(Extracted records)
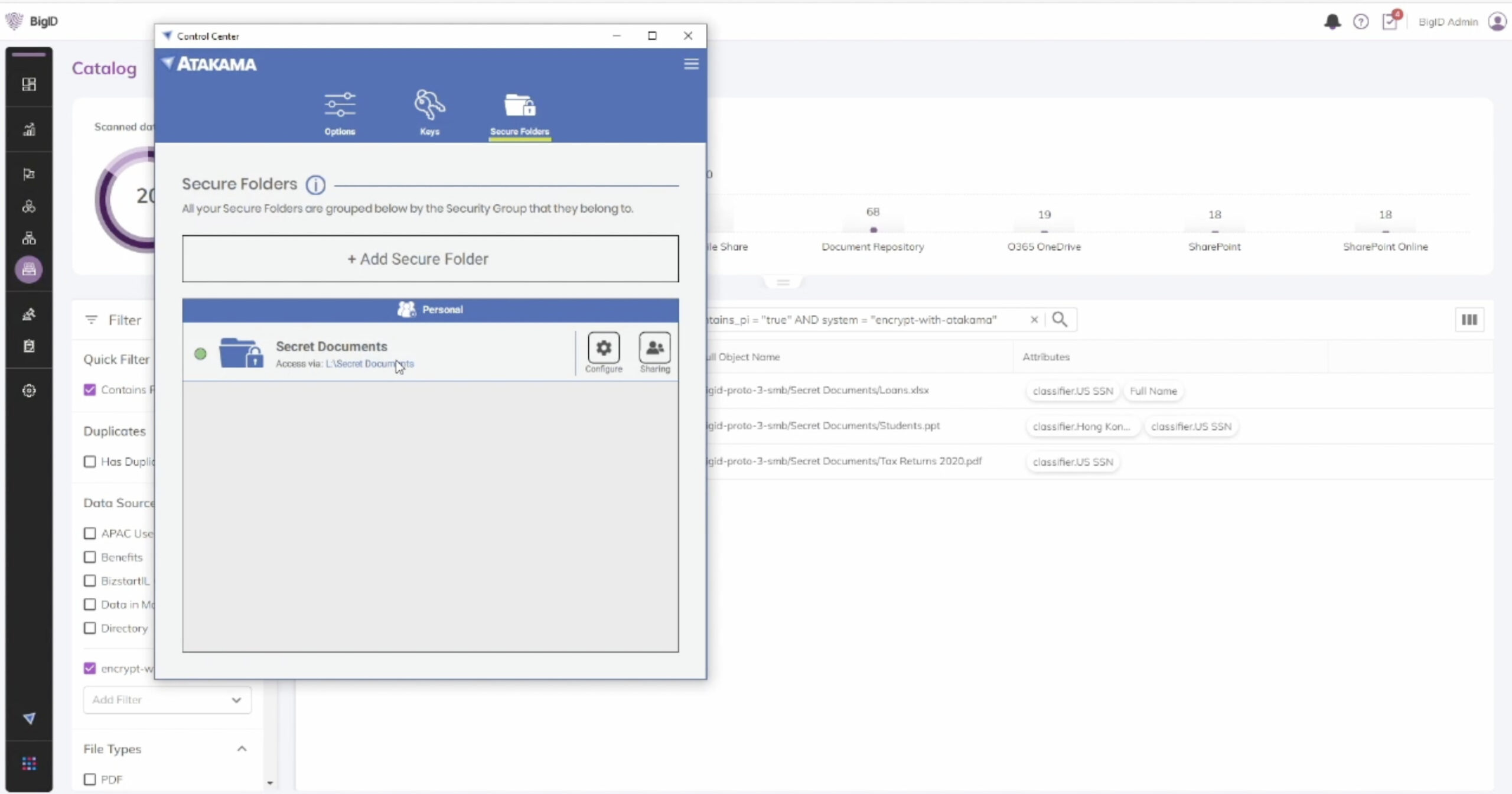 Alongside Atakama, this integration enables organizations to apply adequate safeguards around their data, proactively manage risk, and maintain compliance. The joint solution helps mitigate user error by leveraging BigID’s unparalleled data classification and identification accuracy — plus enabling appropriate controls with Atakama’s innovative multi-factor encryption and distributed key architecture optimized around a data asset’s level of sensitivity. Per defined policies, Atakama protects files by automatically applying file-level encryption without relying on usernames or passwords.
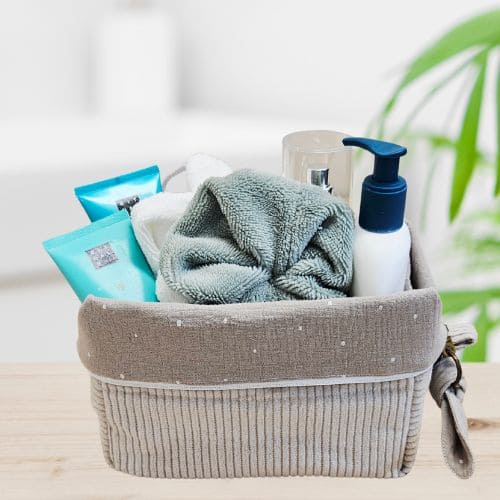 Trousse de toilette en velours côtelé gris – Doublure « Nuée de Tendresse »
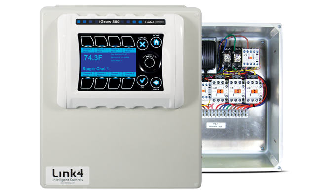 Fullbloom offers the iGrow 800 automation controller with an integrated contact panel. This pre-wired panel and controller gives you everything you need to hook up your electronic accessories to run an automated system. The panel comes with 22 amp contacts pre-wired to each channel on the controller, meaning all your electrician has to do is wire up the individual accessories and you will be up and running in no time. You can get these integrated controllers with 8 or 12 channels so you can scale to the size of operation.
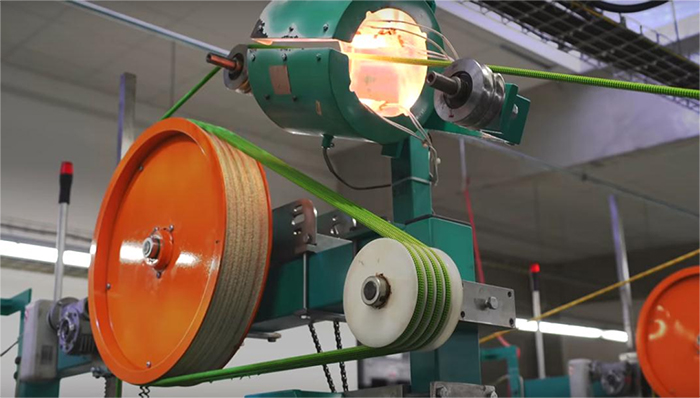 原材料→投料拉絲→拉絲牽伸→捻線機
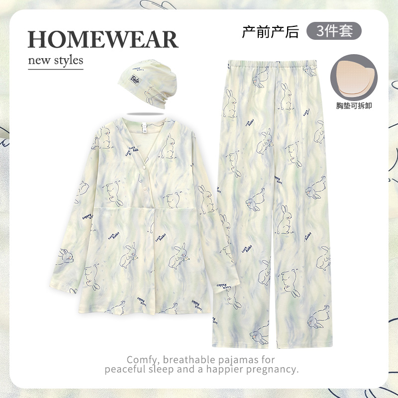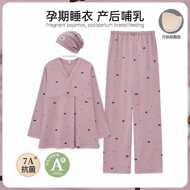 带胸垫月子服春秋纯棉7月份8产后大码孕妇睡衣秋冬款待产哺乳喂奶
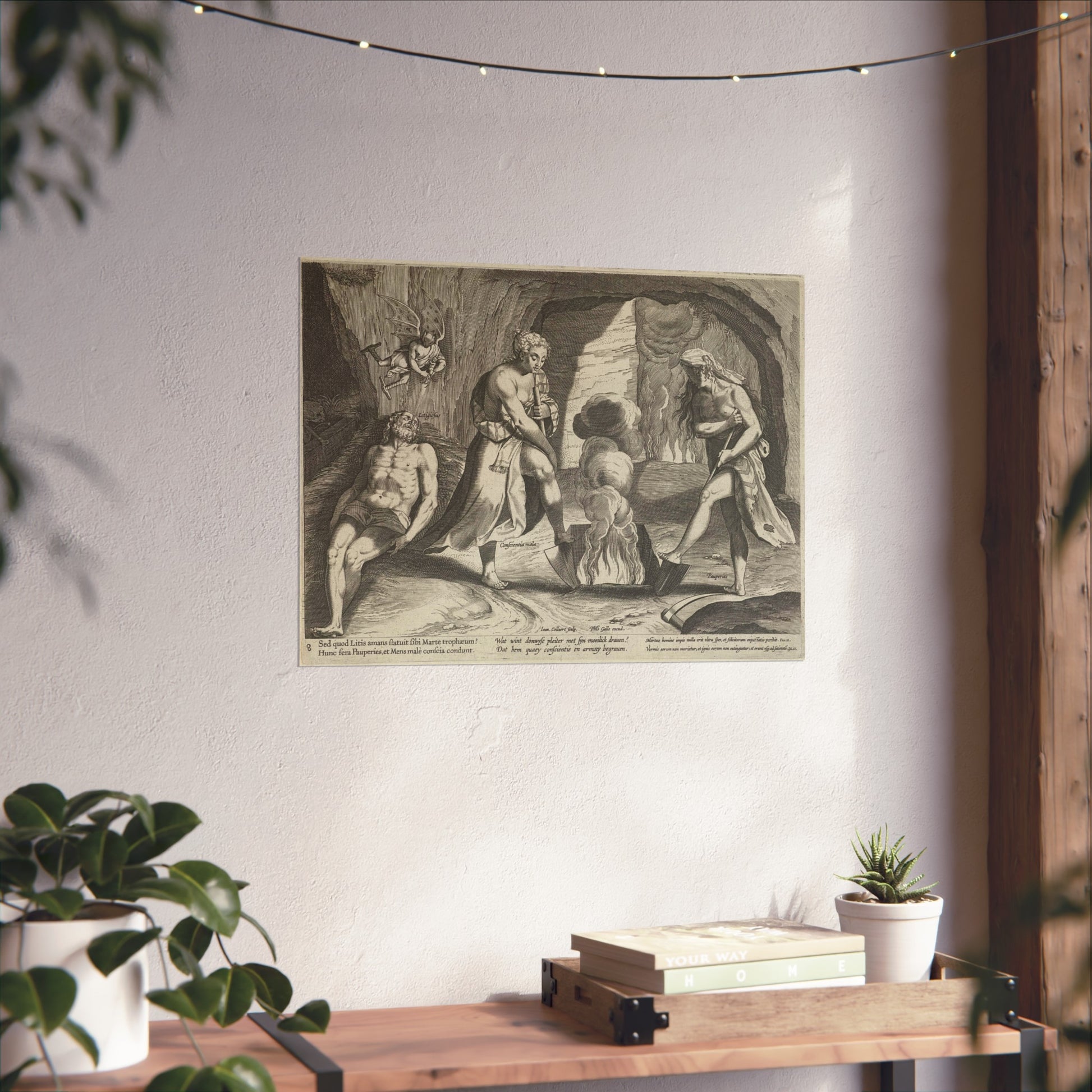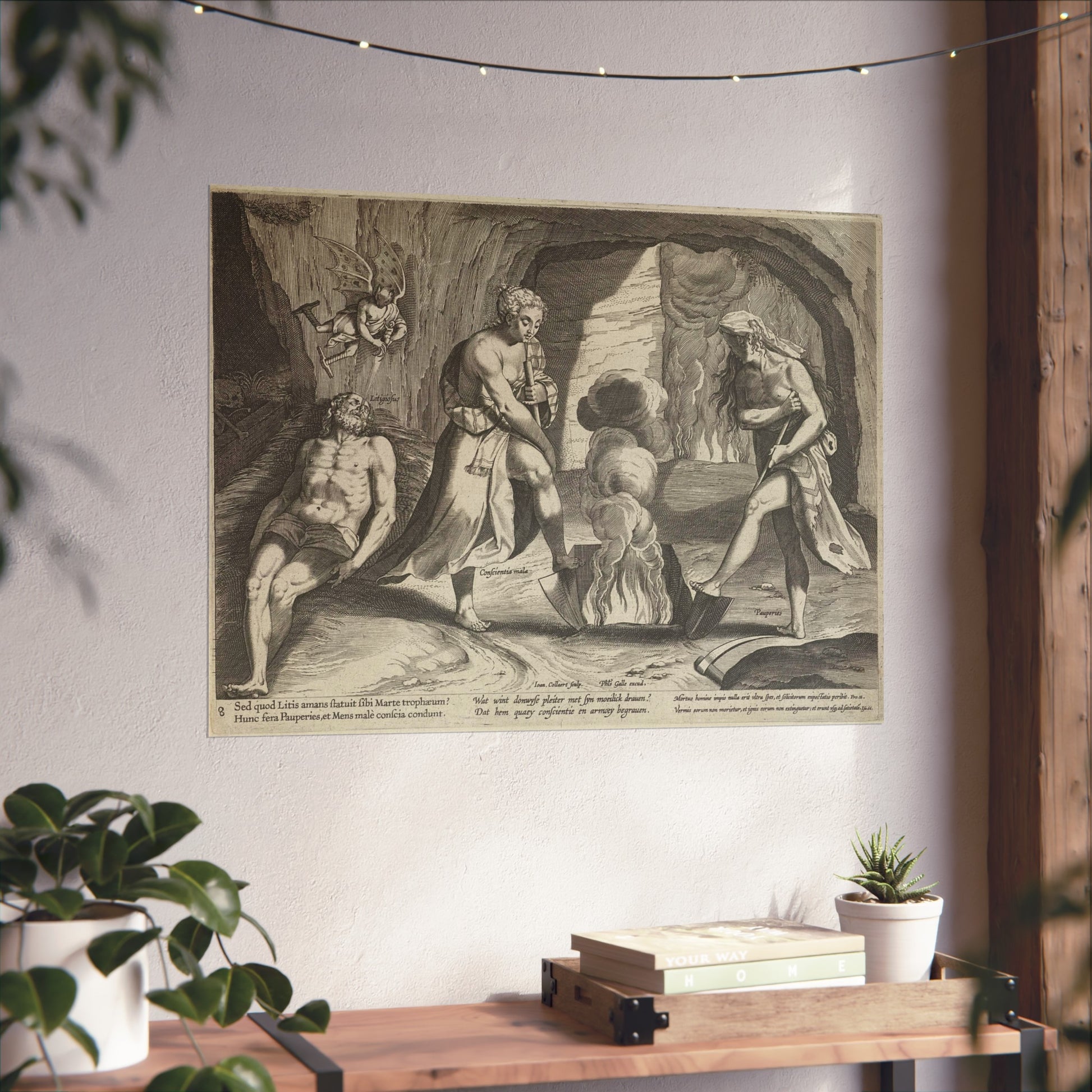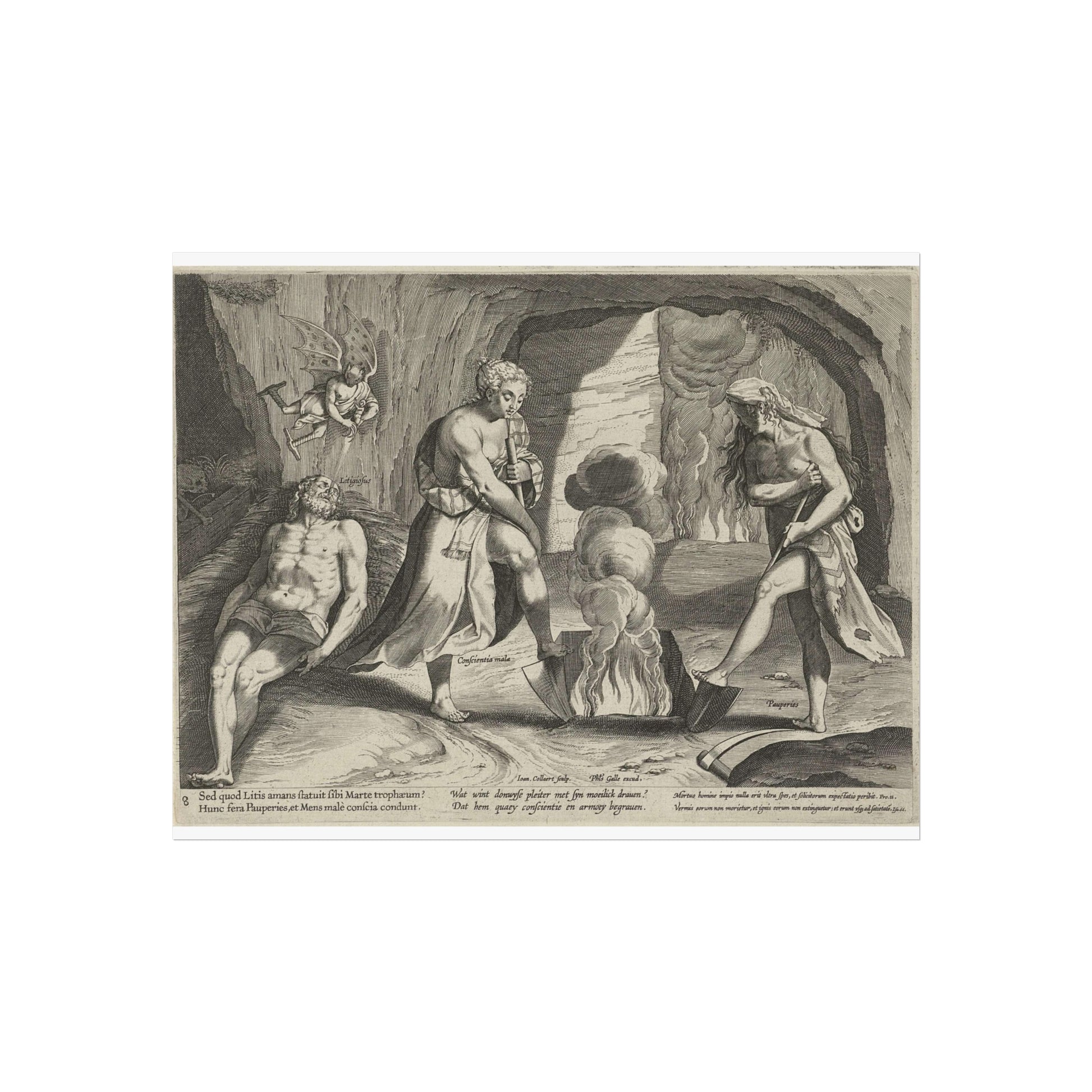 In a dramatic scene set within a cave, the Foolish Accuser, known as Litigiosus, is captured on his deathbed, exhaling his final breath. The embodiment of Litigation, Lis, hovers above him with devilish wings, ready to snatch his soul. Poverty (Pauperies) and Guilty Conscience (Conscientia Mala) are seen digging his grave, where hellfire ominously burns. This print includes three inscriptions in Latin and Dutch and is part of an eight-part series exploring the abuses in litigation.
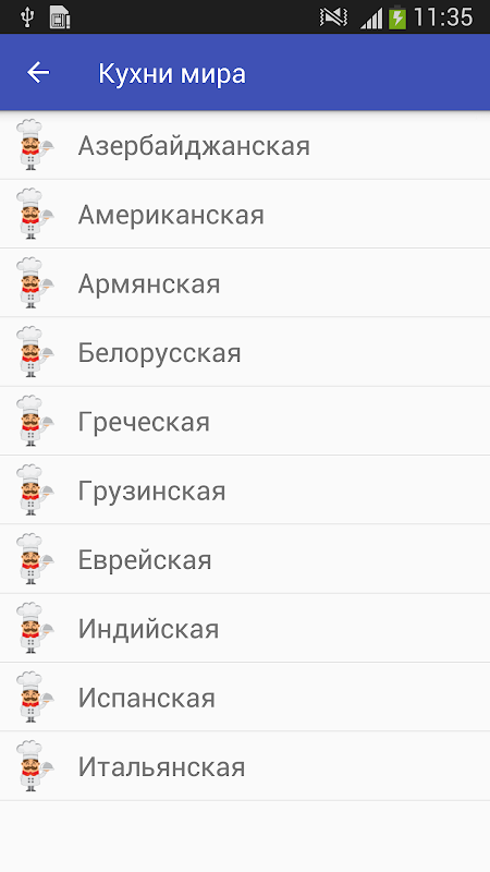 - выбор блюд по национальной кухне: итальянская, китайская, русская, французская
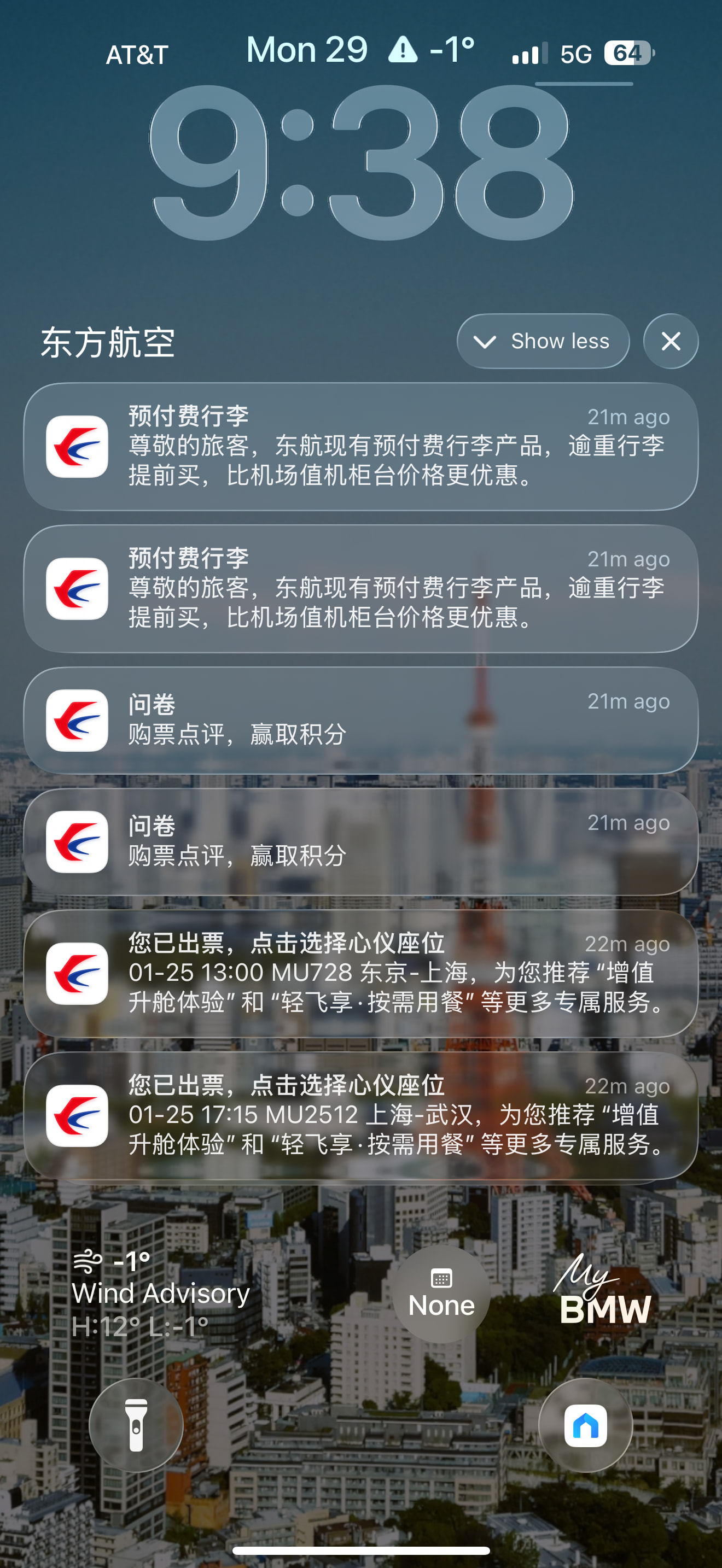 哦对了还有,如果订联程票的话,东航app会每出一个leg都发三个推送

* Your assignment:
Please write out all the data again word for word, but not the pictures.

* Answer area:
 Alongside Atakama, this integration enables organizations to apply adequate safeguards around their data, proactively manage risk, and maintain compliance. The joint solution helps mitigate user error by leveraging BigID’s unparalleled data classification and identification accuracy — plus enabling appropriate controls with Atakama’s innovative multi-factor encryption and distributed key architecture optimized around a data asset’s level of sensitivity. Per defined policies, Atakama protects files by automatically applying file-level encryption without relying on usernames or passwords.
 Trousse de toilette en velours côtelé gris – Doublure « Nuée de Tendresse »
 Fullbloom offers the iGrow 800 automation controller with an integrated contact panel. This pre-wired panel and controller gives you everything you need to hook up your electronic accessories to run an automated system. The panel comes with 22 amp contacts pre-wired to each channel on the controller, meaning all your electrician has to do is wire up the individual accessories and you will be up and running in no time. You can get these integrated controllers with 8 or 12 channels so you can scale to the size of operation.
 原材料→投料拉絲→拉絲牽伸→捻線機
 带胸垫月子服春秋纯棉7月份8产后大码孕妇睡衣秋冬款待产哺乳喂奶
 In a dramatic scene set within a cave, the Foolish Accuser, known as Litigiosus, is captured on his deathbed, exhaling his final breath. The embodiment of Litigation, Lis, hovers above him with devilish wings, ready to snatch his soul. Poverty (Pauperies) and Guilty Conscience (Conscientia Mala) are seen digging his grave, where hellfire ominously burns. This print includes three inscriptions in Latin and Dutch and is part of an eight-part series exploring the abuses in litigation.
 - выбор блюд по национальной кухне: итальянская, китайская, русская, французская
 哦对了还有,如果订联程票的话,东航app会每出一个leg都发三个推送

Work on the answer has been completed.